An exact reproduction is needed of every line from the beginning of the data down to and including the line that contains "- [100% Grade", minus the pictures.

#### Provided material ####

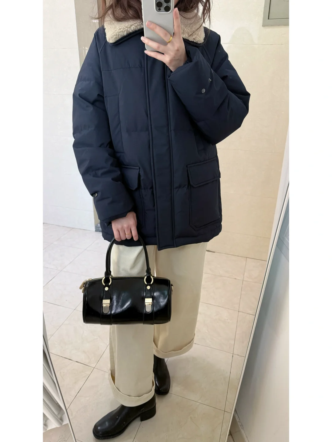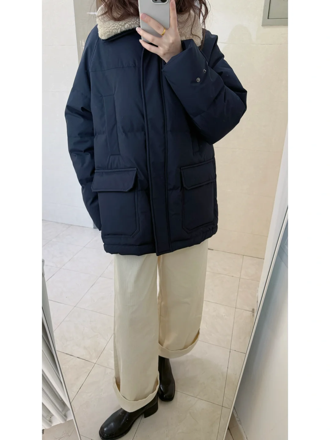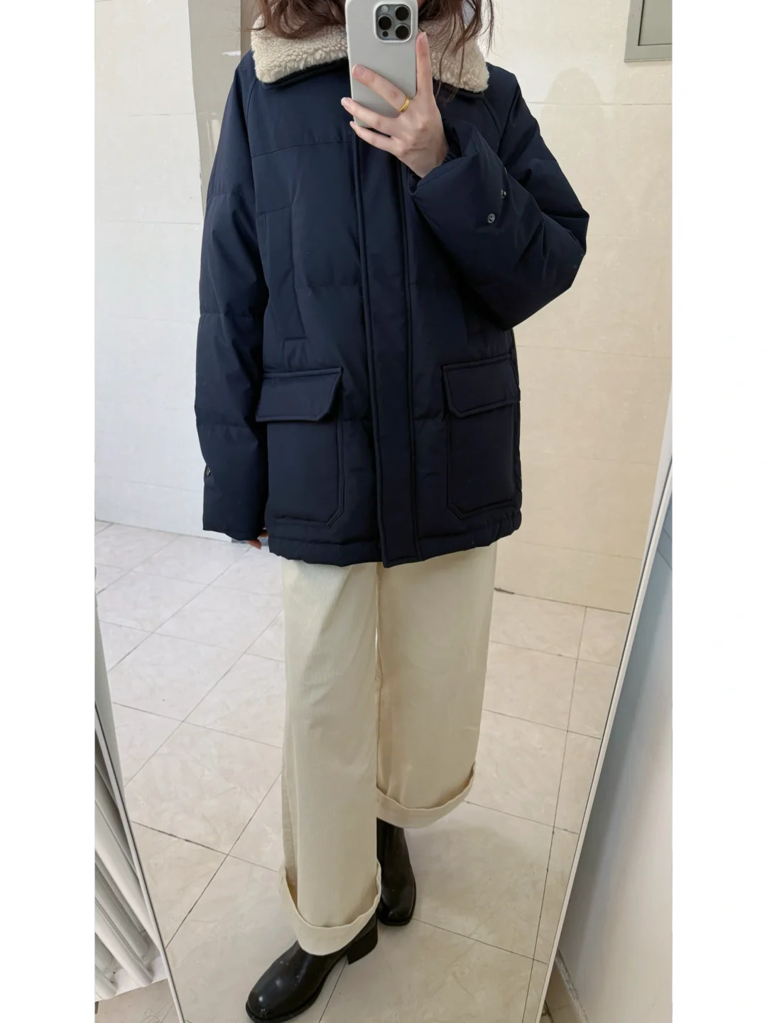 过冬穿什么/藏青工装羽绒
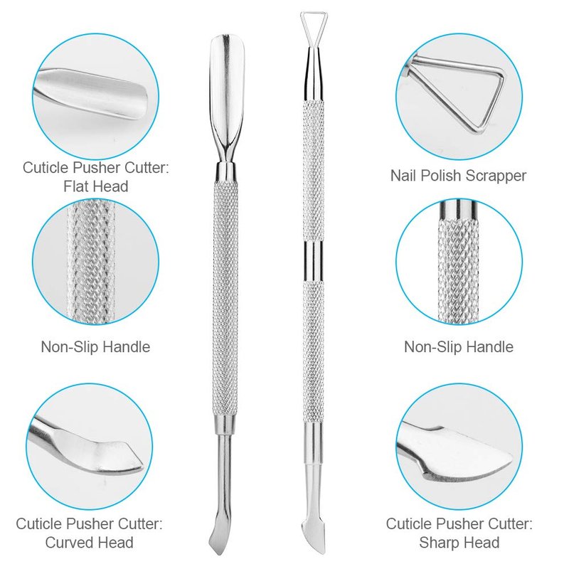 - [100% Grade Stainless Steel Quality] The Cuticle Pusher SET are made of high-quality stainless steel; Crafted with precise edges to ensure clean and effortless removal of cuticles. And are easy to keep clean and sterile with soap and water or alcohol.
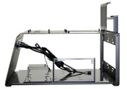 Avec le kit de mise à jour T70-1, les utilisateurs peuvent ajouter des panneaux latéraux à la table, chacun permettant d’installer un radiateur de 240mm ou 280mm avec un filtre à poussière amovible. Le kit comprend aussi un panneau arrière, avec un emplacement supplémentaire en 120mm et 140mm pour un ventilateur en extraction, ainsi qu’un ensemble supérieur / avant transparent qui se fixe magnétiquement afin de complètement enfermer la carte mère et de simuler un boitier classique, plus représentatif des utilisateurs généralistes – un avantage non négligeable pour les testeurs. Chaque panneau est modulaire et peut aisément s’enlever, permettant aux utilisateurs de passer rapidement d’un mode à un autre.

####

Result of this task →
 过冬穿什么/藏青工装羽绒
 - [100% Grade Stainless Steel Quality] The Cuticle Pusher SET are made of high-quality stainless steel; Crafted with precise edges to ensure clean and effortless removal of cuticles. And are easy to keep clean and sterile with soap and water or alcohol.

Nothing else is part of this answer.